DIRECTIONS FOR THIS TASK - Go to the line containing "रायपुर (शोर संदेश)।" in the records below and print it and every following line exactly, on through the line containing "지난번 이웃집찰스로 예방주사", then stop.

MATERIAL TO PROCESS -
____

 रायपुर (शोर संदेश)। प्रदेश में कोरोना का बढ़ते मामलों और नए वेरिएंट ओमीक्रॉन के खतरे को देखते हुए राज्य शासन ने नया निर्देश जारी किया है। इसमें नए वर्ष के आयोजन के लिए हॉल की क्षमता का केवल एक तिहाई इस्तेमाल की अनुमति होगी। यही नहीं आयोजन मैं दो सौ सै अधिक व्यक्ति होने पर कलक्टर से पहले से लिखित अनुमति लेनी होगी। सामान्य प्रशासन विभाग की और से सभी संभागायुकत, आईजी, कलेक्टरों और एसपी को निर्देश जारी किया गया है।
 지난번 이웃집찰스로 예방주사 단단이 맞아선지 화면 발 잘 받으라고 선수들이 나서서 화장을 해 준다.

____

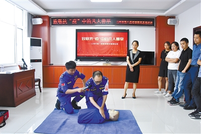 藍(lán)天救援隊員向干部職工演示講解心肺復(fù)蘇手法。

____

RESPONSE AREA -
 रायपुर (शोर संदेश)। प्रदेश में कोरोना का बढ़ते मामलों और नए वेरिएंट ओमीक्रॉन के खतरे को देखते हुए राज्य शासन ने नया निर्देश जारी किया है। इसमें नए वर्ष के आयोजन के लिए हॉल की क्षमता का केवल एक तिहाई इस्तेमाल की अनुमति होगी। यही नहीं आयोजन मैं दो सौ सै अधिक व्यक्ति होने पर कलक्टर से पहले से लिखित अनुमति लेनी होगी। सामान्य प्रशासन विभाग की और से सभी संभागायुकत, आईजी, कलेक्टरों और एसपी को निर्देश जारी किया गया है।
 지난번 이웃집찰스로 예방주사 단단이 맞아선지 화면 발 잘 받으라고 선수들이 나서서 화장을 해 준다.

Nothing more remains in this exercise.